START PROVIDED RECORDS

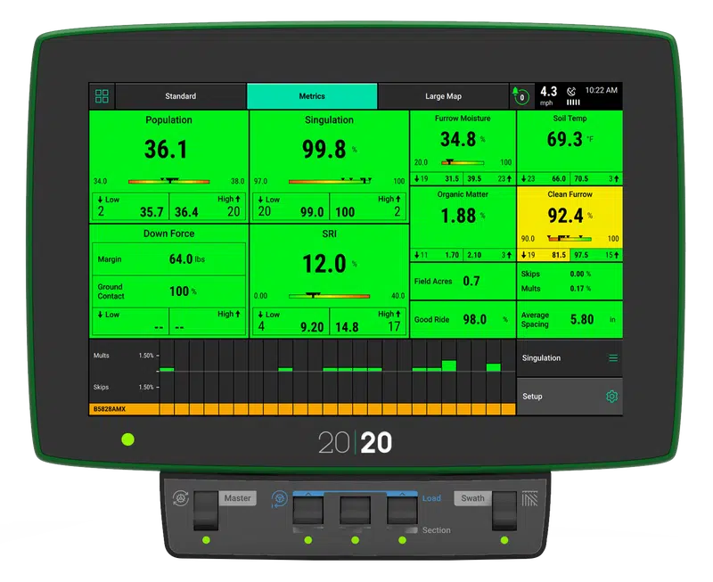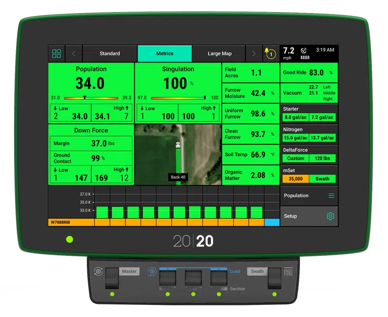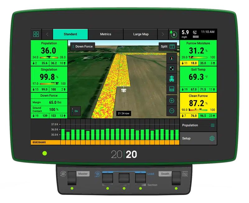 20|20 can be utilized as a monitor to help you simply set the planter to maximize planter performance in each crop, each day of planting. That same 20|20 also powers the most agronomically advanced systems on the market that control population, downforce, liquid, multi-hybrid planting and high-speed planting, all while sensing the furrow.
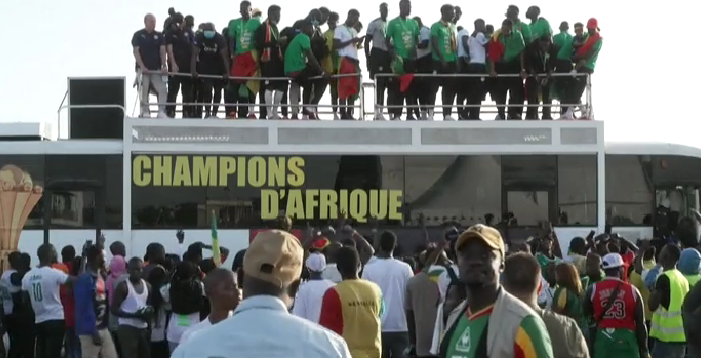 Националният отбор по футбол на Сенегал, който стана шампион на Африка след победата над Мароко във финала, пристигна късно снощи в Дакар.
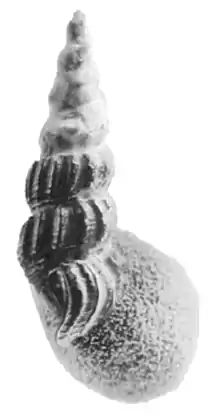 | An apertural view of the shell of Tylomelania centaurus from its type description (holotype, NMB 1339a from Natural History Museum of Basel).[1] The shell is partly covered by the sponge Pachydictyum globosum. | |
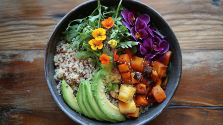 A colorful quinoa bowl with avocado, sweet potato, and edible flowers
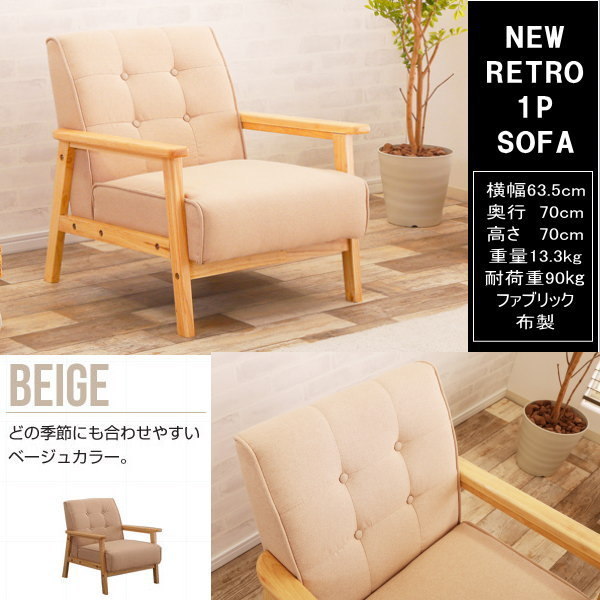 | タイトル | 送料無料 懐かしい昭和の雰囲気 肌さわり抜群ファブリック 1人掛ソファ RETRO BG ベージュ |
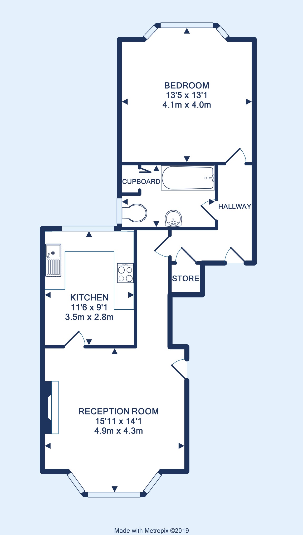 Attractively presented, the large living room is lovely and bright with a gorgeous fireplace, bay window and very high ceilings. The kitchen is also a good size and fitted with modern units which provide ample storage and plenty of work space. The bedroom, again with a bay window, is a generous double whilst the bathroom has a practical three piece white suite.
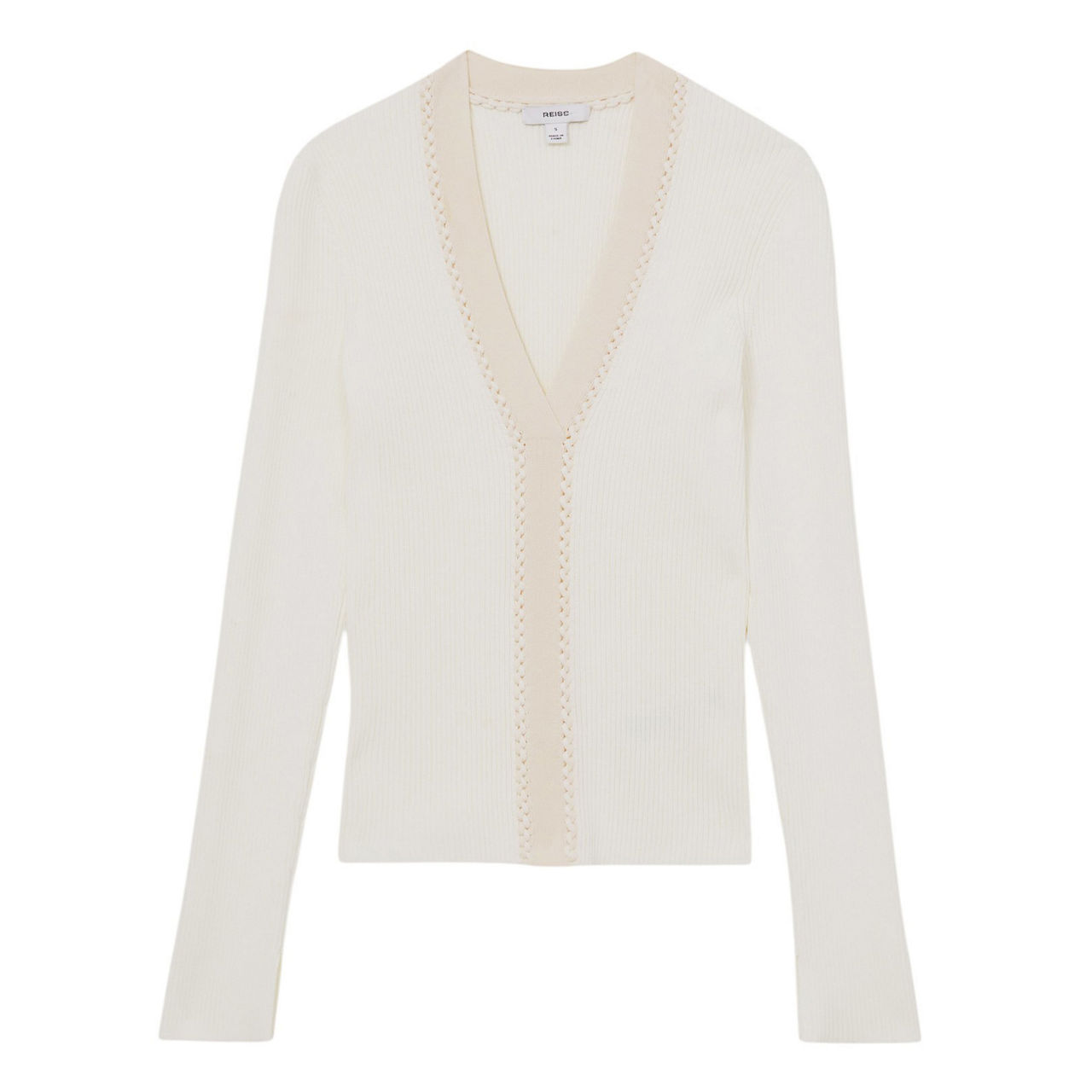 - V-neckline, long sleeves, rib-knit design, stretch fit, craft stitch detailing
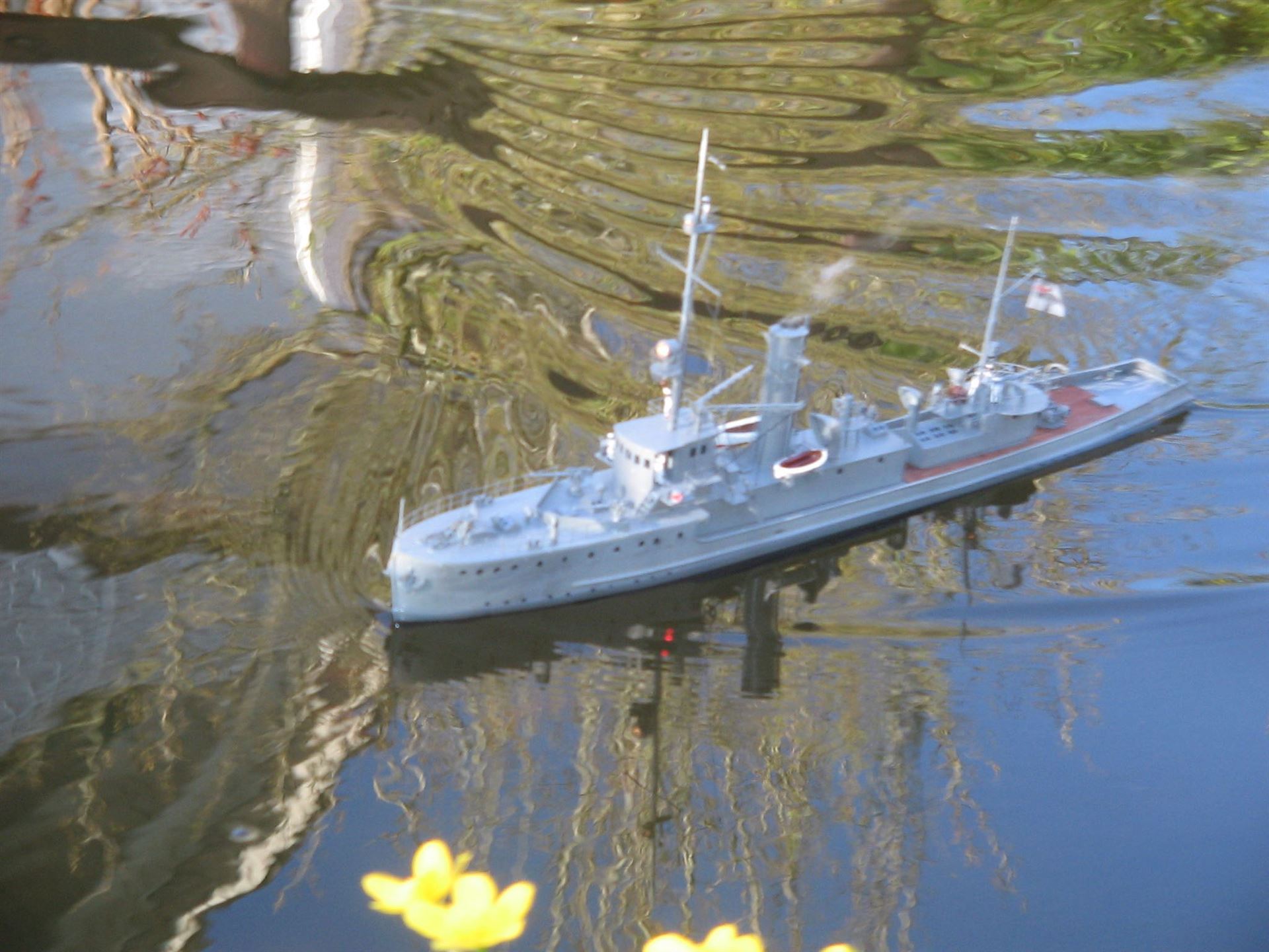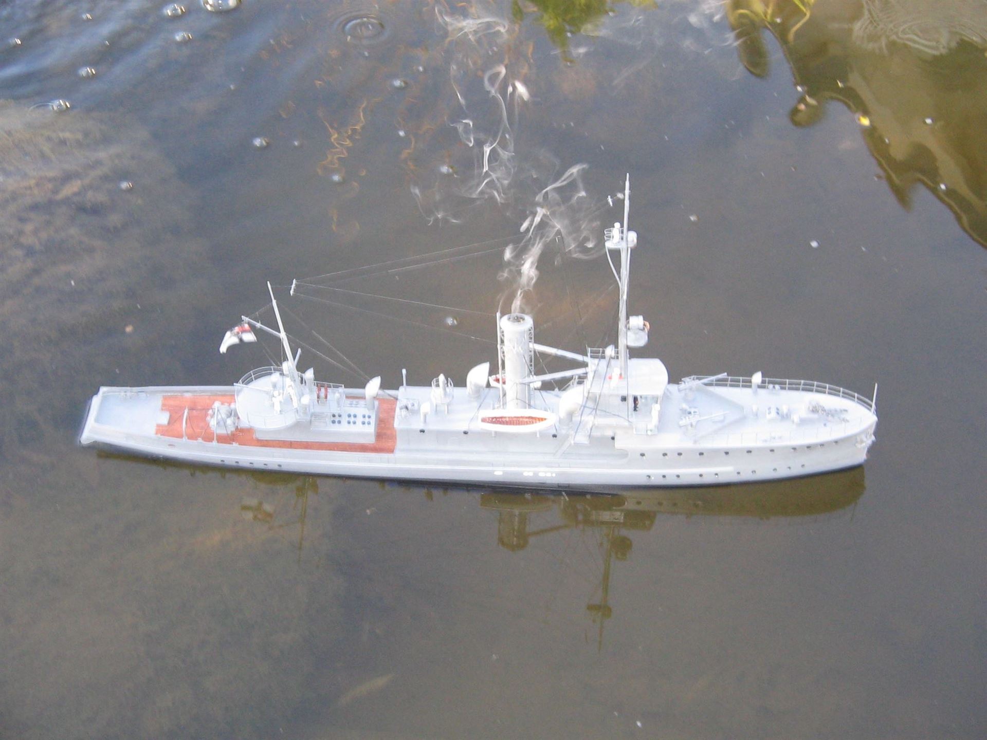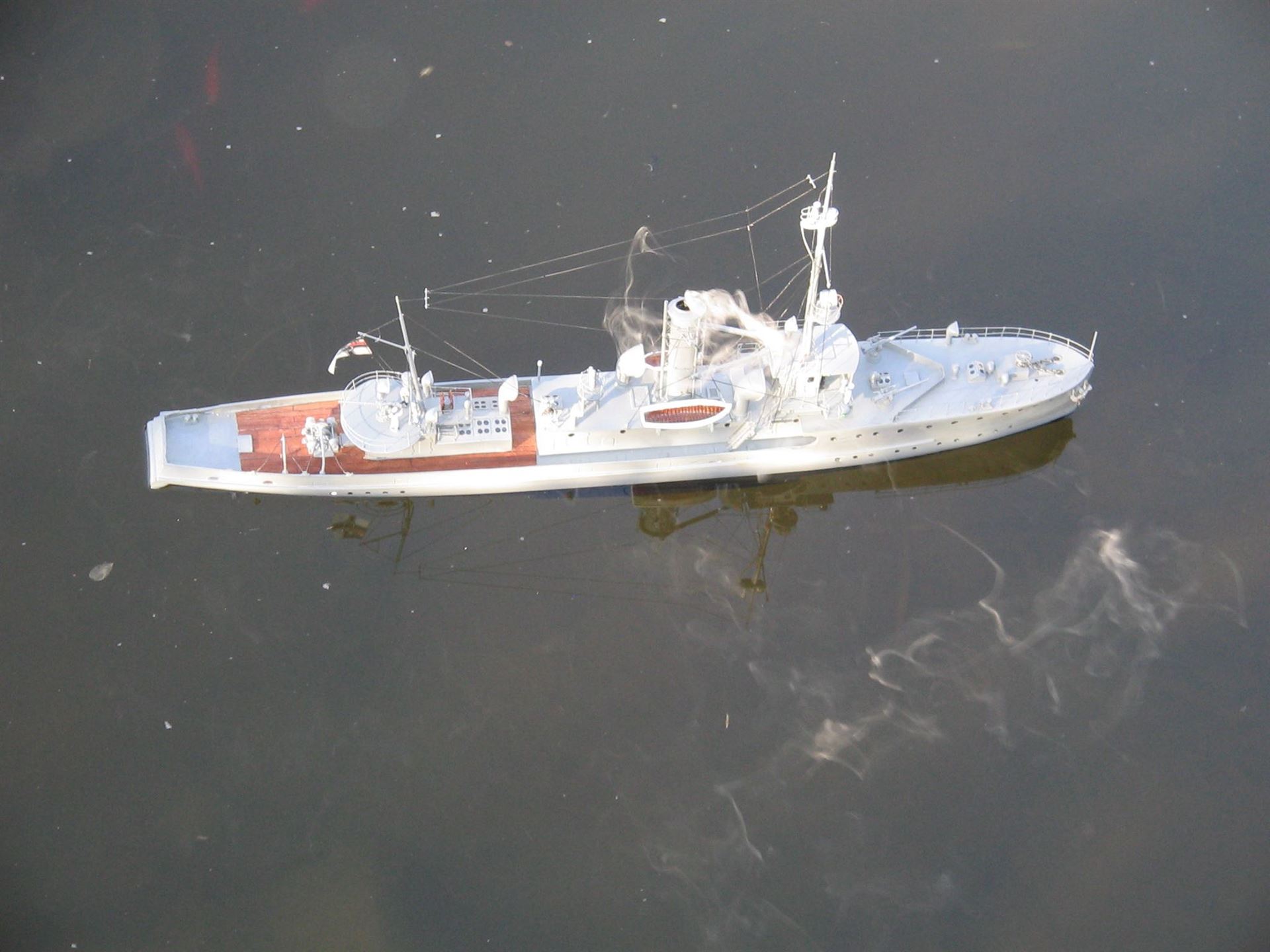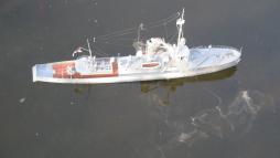 Das Modell war im Bau eine gewisser Herausforderung. Rumpf und Aufbauten sind aus Resin, teilweise sehr dickwandig, verschiedene Zurüstteile aus Zinnguss. Das bedinge nicht nur ein viel zu großes Gesamtgewicht, sondern auch eine sehr garstige Topplastigkeit. Es war daher unabdingbar, Material von Rump und Aufbauten durch Fräsen wegzunehmen. Viel Material. Trotzdem ist die Topplastigkeit immer noch reichlich fies und die Wasserlinie alles andere als Vorbildgerecht. Kurvenfahrten sind nur mit äußerster Vorsicht möglich.
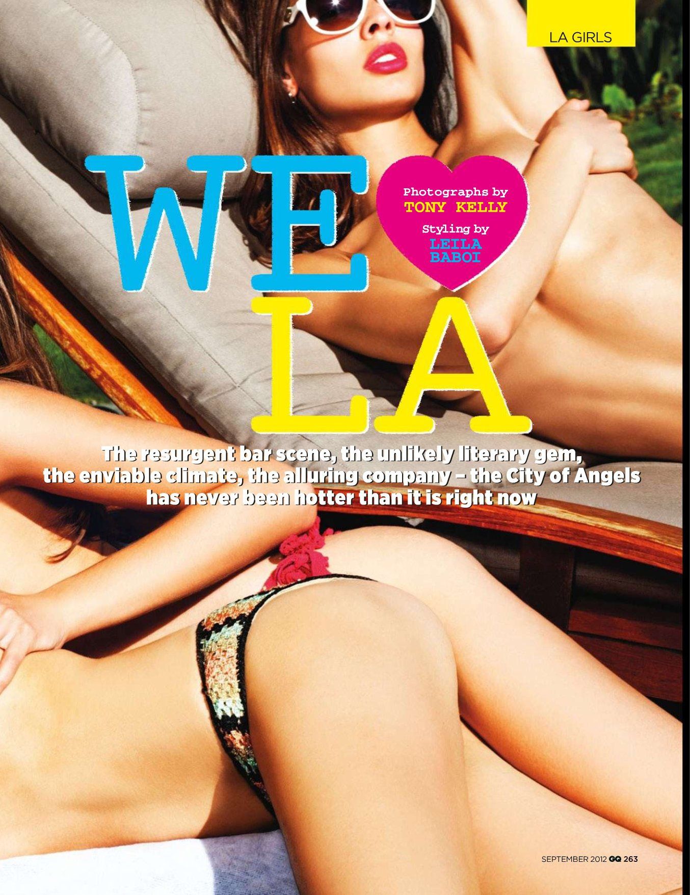 August 7, 201213 yr Editorial "We Love L.A." in GQ UK September 2012. Photographer: Tony Kelly Stylist: Leila Baboi Hair: Stephanie Hobgood (Exclusive Artists/Sachajuan) Make-up: Samuel Paul (Jed Root/NARS) Models: Heide Lindgren Amanda Booth (American. Age: 25 or 26. Agency: LA Models), Stephanie Corneliussen (Danish. Born on April 28th, 1987. Agency: LA Models) Xenia Deli (From Moldova (small country sandwiched between Ukraine and Romania). Born on October 27th, 1989. Agency: Elite Models) Sarah Dumont (American in her early 20s. Agency: Elite Models) Lauren Young (American. Born on October 26th, 1989. Agency: Elite Models) Source: pdf-giant, via flashbang at the Fashion Spot.
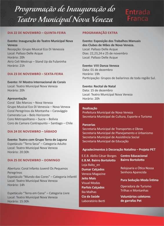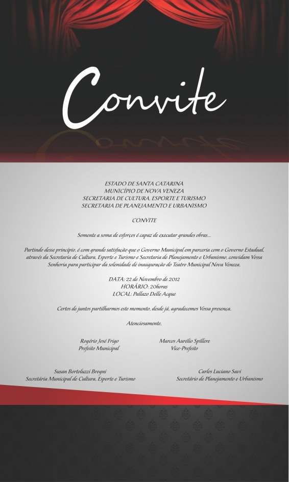 A Secretaria de Cultura, Esporte e Turismo de Nova Veneza, convida para inauguração do Teatro Municipal Nova Veneza que acontecerá dia 22 de novembro de 2012 às 20h.

END PROVIDED RECORDS

▸ **EXERCISE REQUIREMENTS**: An exact copy is required of the lines from the start of the records above through the line with "Das Modell war", and only those, without any pictures.

▸ **SOLUTION**:
 20|20 can be utilized as a monitor to help you simply set the planter to maximize planter performance in each crop, each day of planting. That same 20|20 also powers the most agronomically advanced systems on the market that control population, downforce, liquid, multi-hybrid planting and high-speed planting, all while sensing the furrow.
 Националният отбор по футбол на Сенегал, който стана шампион на Африка след победата над Мароко във финала, пристигна късно снощи в Дакар.
 | An apertural view of the shell of Tylomelania centaurus from its type description (holotype, NMB 1339a from Natural History Museum of Basel).[1] The shell is partly covered by the sponge Pachydictyum globosum. | |
 A colorful quinoa bowl with avocado, sweet potato, and edible flowers
 | タイトル | 送料無料 懐かしい昭和の雰囲気 肌さわり抜群ファブリック 1人掛ソファ RETRO BG ベージュ |
 Attractively presented, the large living room is lovely and bright with a gorgeous fireplace, bay window and very high ceilings. The kitchen is also a good size and fitted with modern units which provide ample storage and plenty of work space. The bedroom, again with a bay window, is a generous double whilst the bathroom has a practical three piece white suite.
 - V-neckline, long sleeves, rib-knit design, stretch fit, craft stitch detailing
 Das Modell war im Bau eine gewisser Herausforderung. Rumpf und Aufbauten sind aus Resin, teilweise sehr dickwandig, verschiedene Zurüstteile aus Zinnguss. Das bedinge nicht nur ein viel zu großes Gesamtgewicht, sondern auch eine sehr garstige Topplastigkeit. Es war daher unabdingbar, Material von Rump und Aufbauten durch Fräsen wegzunehmen. Viel Material. Trotzdem ist die Topplastigkeit immer noch reichlich fies und die Wasserlinie alles andere als Vorbildgerecht. Kurvenfahrten sind nur mit äußerster Vorsicht möglich.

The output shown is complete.